The development of plate tectonics provided a physical basis for many observations of the solid Earth. Long linear regions of geologic features could be explained as plate boundaries. Mid-ocean ridges, high regions on the seafloor where hydrothermal vents and volcanoes exist, were explained as divergent boundaries, where two plates move apart. Arcs of volcanoes and earthquakes were explained as convergent boundaries, where one plate subducts under another. Transform boundaries, such as the San Andreas fault system, resulted in widespread powerful earthquakes. Plate tectonics also provided a mechanism for Alfred Wegener's theory of continental drift, in which the continents move across the surface of the Earth over geologic time. They also provided a driving force for crustal deformation, and a new setting for the observations of structural geology. The power of the theory of plate tectonics lies in its ability to combine all of these observations into a single theory of how the lithosphere moves over the convecting mantle.
Seismologists can use the arrival times of seismic waves in reverse to image the interior of the Earth. Early advances in this field showed the existence of a liquid outer core (where shear waves were not able to propagate) and a dense solid inner core. These advances led to the development of a layered model of the Earth, with a crust and lithosphere on top, the mantle below (separated within itself by seismic discontinuities at 410 and 660 kilometers), and the outer core and inner core below that. More recently, seismologists have been able to create detailed images of wave speeds inside the earth in the same way a doctor images a body in a CT scan. These images have led to a much more detailed view of the interior of the Earth, and have replaced the simplified layered model with a much more dynamic model.
Mineralogists have been able to use the pressure and temperature data from the seismic and modelling studies alongside knowledge of the elemental composition of the Earth at depth to reproduce these conditions in experimental settings and measure changes in crystal structure.

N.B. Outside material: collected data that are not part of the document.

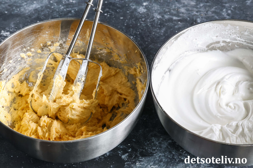 I en annen bolle piskes eggeplommer, maisenna og sukker lett sammen.
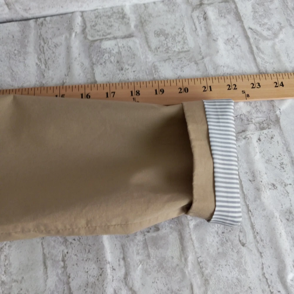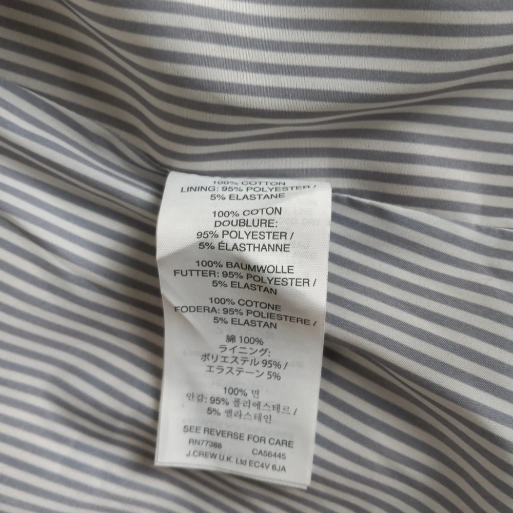 Crafted for the modern professional, this J.Crew Double Breasted Blazer is a versatile addition to your wardrobe. The classic tan color and solid pattern make it an ideal choice for business meetings, travel, or casual office wear. Its short jacket/coat length paired with a three-button front style offers a sleek, tailored fit that flatters a size 4 frame. Functionality meets style with features like a fully lined striped interior with 100% polyester lining for comfort, convenient pockets for essentials, and a touch of stretch for ease of movement. Whether you're dressing for fall, spring, or winter, this blazer is machine washable and ready to complement your everyday and career ensembles.
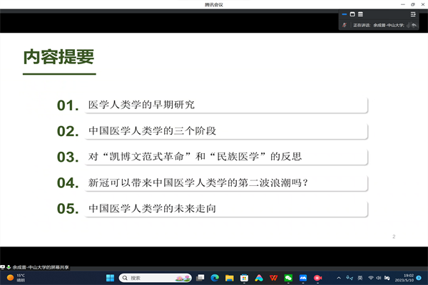 讲座开始,余成普教授介绍了医学人类学的早期研究,引出了此次讲座的内容:医学人类早期的“应用”与“理论”之争。接着,余成普教授对中国医学人类学的三个阶段进行了阐述,具体分为引介阶段、学科理论的应用阶段、田野和理论并重,并仔细讲述了各个阶段的代表人物以及代表作品。之后,余成普教授从“凯博尔范式革命”当作切入点,分析了“凯博尔范式革命”对医学人类学和中国的深刻影响,挖掘了凯博尔的基本方法论,从中深入理解了基本方法的好处和弊端,对“凯博尔范式革命”进行了深度反思,向师生解释出自身对“凯博尔范式革命”的见解。此次,余成普教授又从其中引申到“民族医学”,为了方便师生理解,余成普教授列举了几个通俗易懂的例子,引出了医院民族志,说明了现在既有的对民族医学的两种研究路径,即民族信仰和医药,引申解释了对民族医学的反思。然后,余成普教授分析中国医学人类学的第一波浪潮,讲述了其中可能的推动力,探讨了中国医学人类学第二波浪潮的可能性,表明了新冠疫情在其中所造成的影响力。同时,余成普教授用自己的见解阐述出了疫情对于人类学学科的影响。最后,余成普教授向在场师生说明了医学人类学未来的走向,并分为了五个方面,从不同的角度表达了对于医学人类学未来发展的期望。
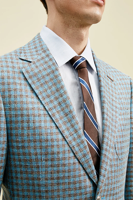 而打開夏季西裝的正確方式,你需要滿足:高支數(shù)、低克重、飽和度低的色彩,輕薄優(yōu)雅,不失紳士風度。
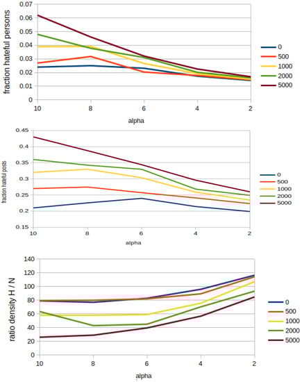 Our simulations show that the effect of this countermeasure is two-fold. On the one hand, considering the fraction of hateful persons, we can observe, from the top of Figure 8, that if we take as reference the hate scores set when in the Gamma distribution, then, all subsequent (lower) values imply a substantial decrease in the amount of hateful persons, even if they are not completely removed from the society. Indeed, even with the strongest educational bias, which sets and reduces the fraction of hateful persons below 0.02 for all the considered network sizes, the amount of haters does not fall below of 1%. Similarly, as shown in the middle of Figure 8, the amount of hateful posts decreases down to below 0.27 for all network sizes when . Additional tests show that the risk of swaps to a hateful society drops from 25% below 5% for the values of for all network sizes. These tests also show that the mean hate score have similar values for all network sizes and steadily decrease from ca. 0.4 for the original Gamma distribution (i.e., with ), down to a ca. 0.1 for . This can be explained by the structure of the network that results from using preferential attachment, where some nodes have unproportionally higher influence. Hence, applying a skewed distribution upon it can skew the final distribution even more after opinion diffusion.
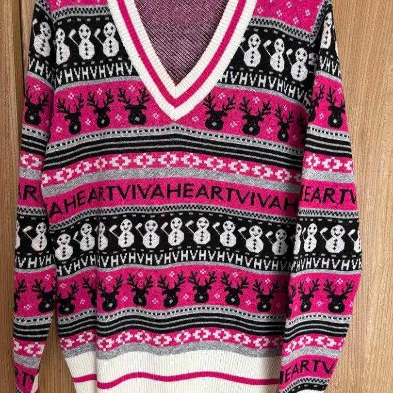 VIVA HEART 눈사람 루돌프 무늬 V넥 스웨터 42
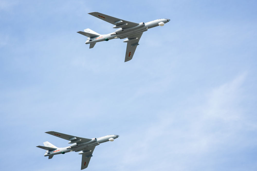 ↑9月19日,轰-6双机编队进行飞行展示。新华社记者 张楠 摄
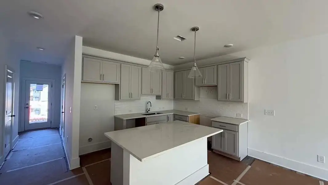 The Cedar floor plan is a spacious two-story townhome offering 1,507 square feet of thoughtfully designed living space. The main level features a chef’s kitchen with a large island that opens to the bright dining area and family room, perfect for everyday living and entertaining. Showcasing the Milan Signature Collection, the kitchen has 42" light grey cabinets, silver fixtures, quartz countertops, designer tile backsplash, pendant lighting, natural gas cooking, stainless steel built-in microwave and dishwasher, LED flush mount lighting, and durable 5" enhanced vinyl plank flooring throughout the entire home. Upstairs, you’ll find a versatile loft with open railing. The primary suite is filled with natural light and includes a spa-like bath with a tiled walk-in shower with frameless glass door, dual vanities, ample counter space, and extra storage.
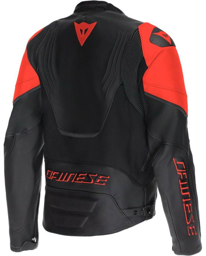 Motorradlederjacke mit sportlicher und bequemer Passform, Slidern aus Aluminium an den Schultern, elastischen Ledereinsätzen und Lufteinlässen für maximalen thermischen Komfort. Die jüngste Weiterentwicklung der Sportjacke von Dainese.
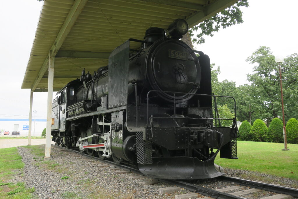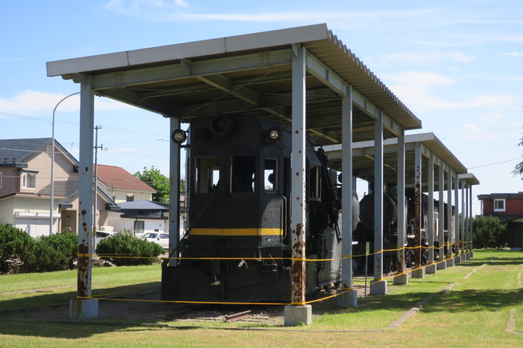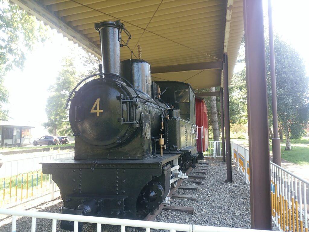 とてっぽ通に保存されている十勝鉄道の蒸気機関車4号・客車コハ23号
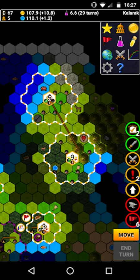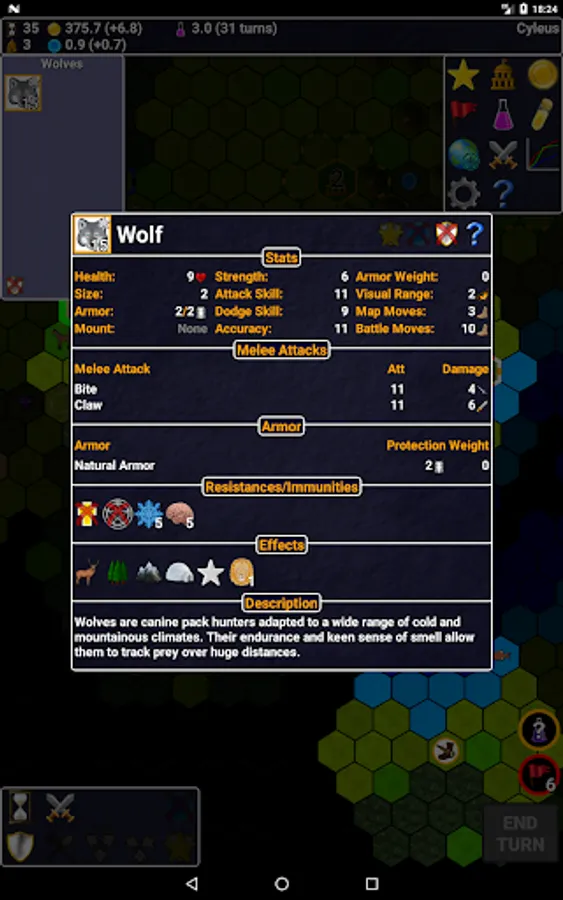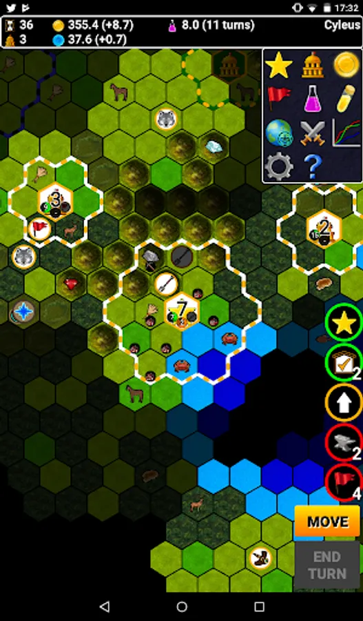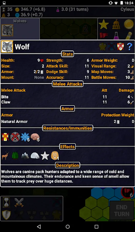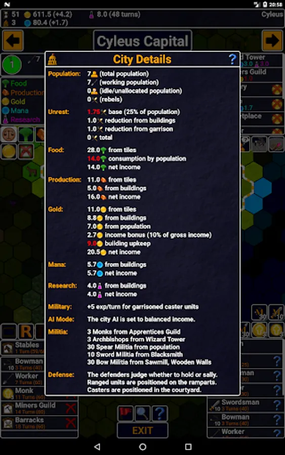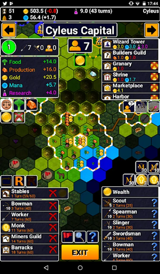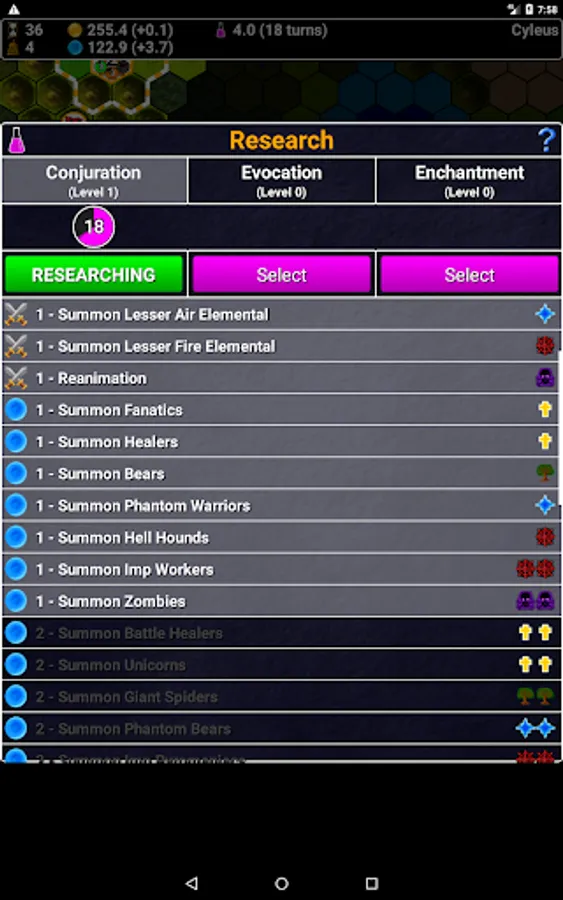 Wizard Warfare consists of a strategic level (the World Map) and a tactical level (the Battle Map). Exploration, expansion, production, research and city management all happen on the World Map, while battles are simulated on the Battle Map.
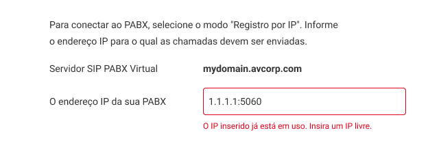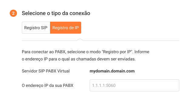 Se você quiser conectar um PABX SIP usando trunk SIP (SIP trunking), selecione o tipo de conexão Registro por IP e especifique o endereço IP do PABX que você está conectando, no formato 1.1.1.1:5060.
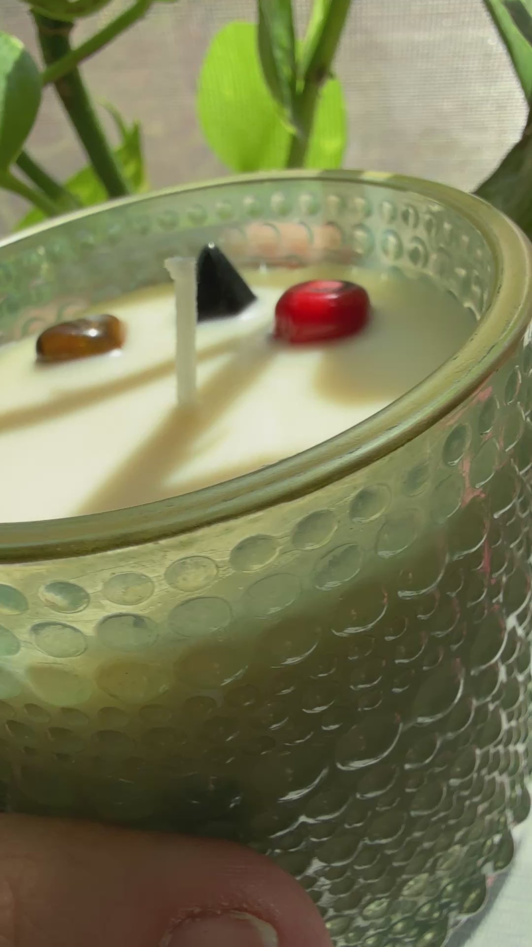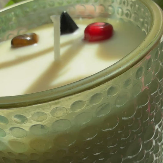 Green Crystal Energy Candle – Coral, Black Obsidian & Tiger’s Eye
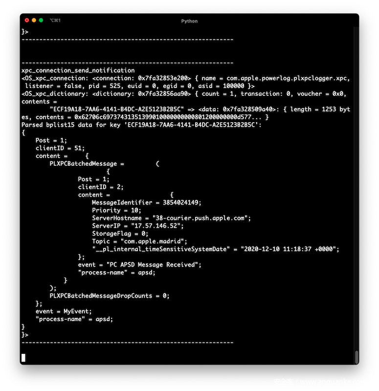 其次,在找到最重要的ObjC方法之后,可以归结为向某个系统进程/守护进程发送XPC消息。我为这个任务编写了另一个工具-【xpcspy】,它可以拦截XPC消息并启用过滤。
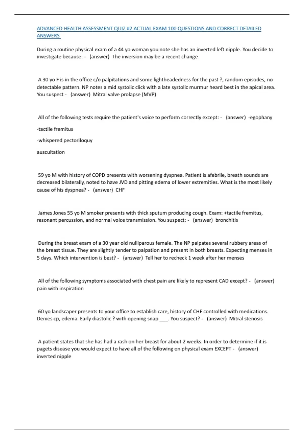 ADVANCED HEALTH ASSESSMENT QUIZ #2 ACTUAL EXAM 100 QUESTIONS AND CORRECT DETAILED
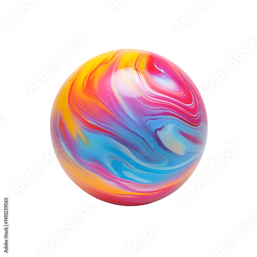 A brightly colored beach ball with glossy surface isolated on a white background
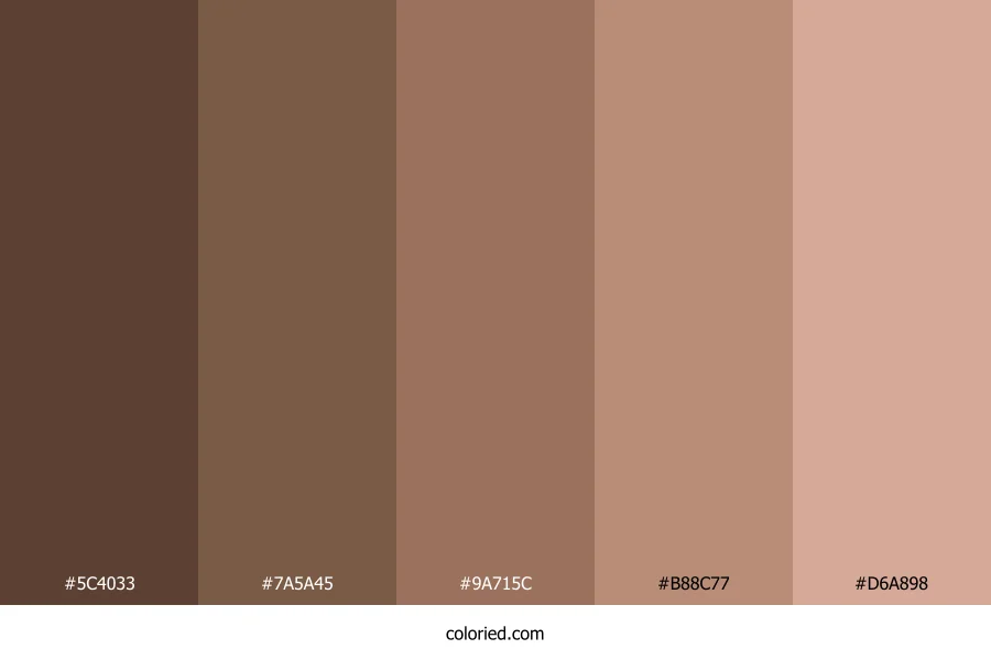 ![]() | #5C4033 | 92, 64, 51 | 19, 29%, 28% | 0%, 30%, 45%, 64% | oklch(0.399 0.045 46) |
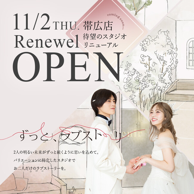 このたびご結婚、ご成人、お子様の記念を帯広市内だけでなく釧路や北見、十勝など道東全域からたくさんのお客様に来て頂き、より魅力的なスタジオにしたいと考え大型リニューアルが決定いたしました!
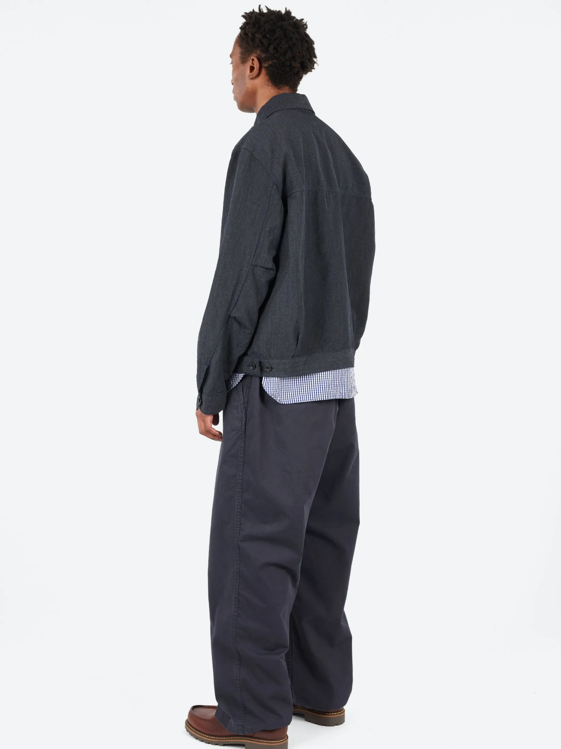 This loose-fitting short jacket features dropped shoulders and sleeves that are curved like an MA-1, adding a unique and stylish touch. It includes work-style pockets and subtle color stitching, enhancing its overall design. The outer material is a finely woven plain weave fabric made from yarn-dyed wool linen, crafted to the limit for a refined, textured finish.
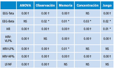 El análisis de la varianza mostró diferencias significativas entre las fases de la evaluación para el comportamiento de actividad teta. Para beta, las diferencias se observaron al comparar cada fase con el reposo. A su vez, la HR y la HRV mostraron diferencias significativas en la mayoría de las variables (Tabla 1).
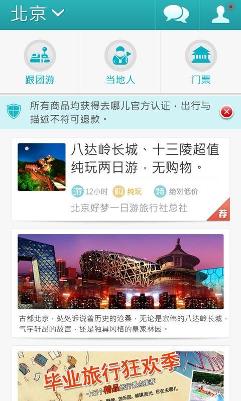 《去哪儿当地》是去哪儿网旗下的当地旅游比价预订平台,主要帮您解决到达目的地之后的旅游线路选择及预订问题。用户使用“去哪儿当地”客户端可以查询、预订各大热门旅游城市的1日游、2日游及周边旅游产品。去哪儿当地致力于通过公开透明的产品展示以及搜索比价功能,让您直观辨别当地游产品的优劣,力求帮助您查询预订当地旅游线路,远离乱购物、乱收费等旅游陷阱,享受愉快的旅游体验。
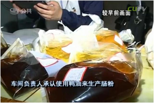 在執(zhí)法人員查獲6桶來歷不明的油之后,車間負責(zé)人承認(rèn)使用鴨油來生產(chǎn)腸粉?!斑@是什么油?”“是鴨油。”“烤鴨剩下的那種?”“對?!?
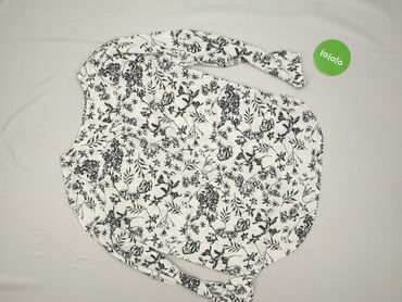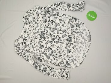 Bluzka damska z długim rękawem - Kolor: biały w czarny, kwiatowy nadruk - Krój: swobodny, lekko wydłużony tył; dekolt w kształcie litery V - Rękawy: długie z delikatnym marszczeniem/przeszyciem pr...Stan:
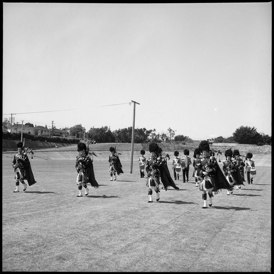 This image was not published in The Manawatu Evening Standard, taken on 6 February, 1964. "The drummers of the First Battalion of the Scots Guards in their immaculate uniforms at the rear of the pipers playing on the march at the performance at Memorial Park yesterday. In the background is the large audience of post-primary school children and adults." Another image of the performance was published on 6 February, 1964.
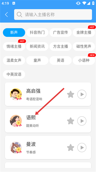 3、在主播选择页面选择主播,进入配音编辑页面。
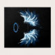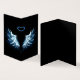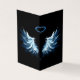 Asas claras, artísticas, de anjo azul sobre fundo preto. Asas de anjo.
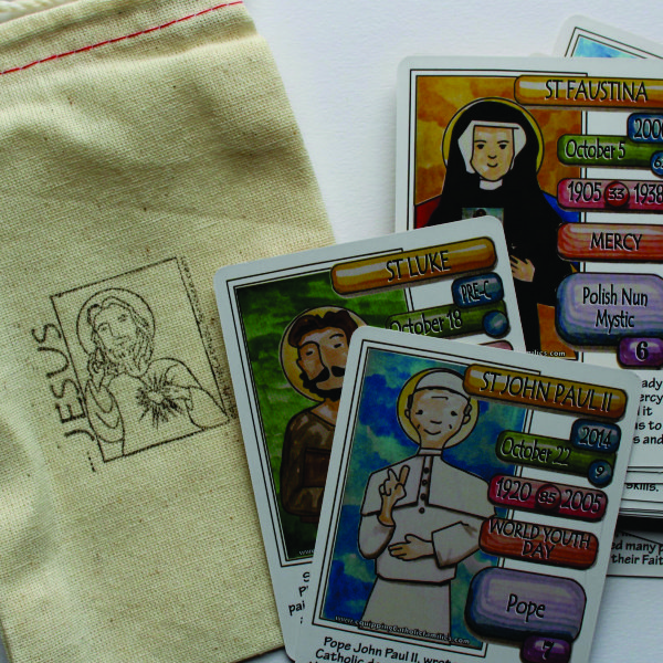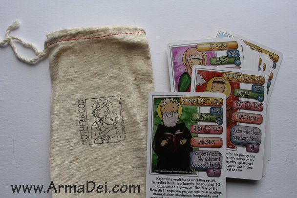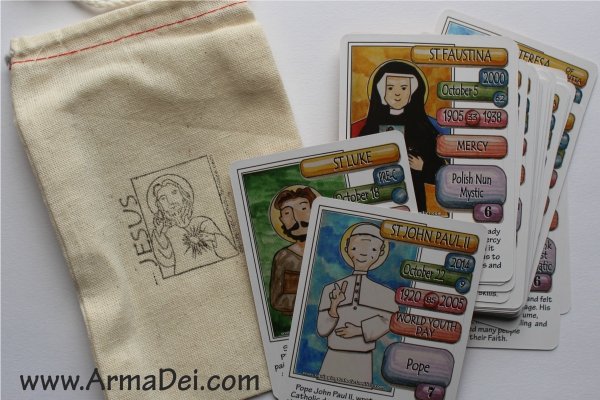 The only SAINTS cards you can play real card games with! 54 Saint Cards in a glossy printed box.

These studies explain the chemical changes associated with the major seismic discontinuities in the mantle, and show the crystallographic structures expected in the inner core of the Earth.
Rock units are first emplaced either by deposition onto the surface or intrusion into the overlying rock. Deposition can occur when sediments settle onto the surface of the Earth and later lithify into sedimentary rock, or when as volcanic material such as volcanic ash or lava flows blanket the surface. Igneous intrusions such as batholiths, laccoliths, dikes, and sills, push upwards into the overlying rock, and crystallize as they intrude.
After the initial sequence of rocks has been deposited, the rock units can be deformed and/or metamorphosed. Deformation typically occurs as a result of horizontal shortening, horizontal extension, or side-to-side (strike-slip) motion. These structural regimes broadly relate to convergent boundaries, divergent boundaries, and transform boundaries, respectively, between tectonic plates.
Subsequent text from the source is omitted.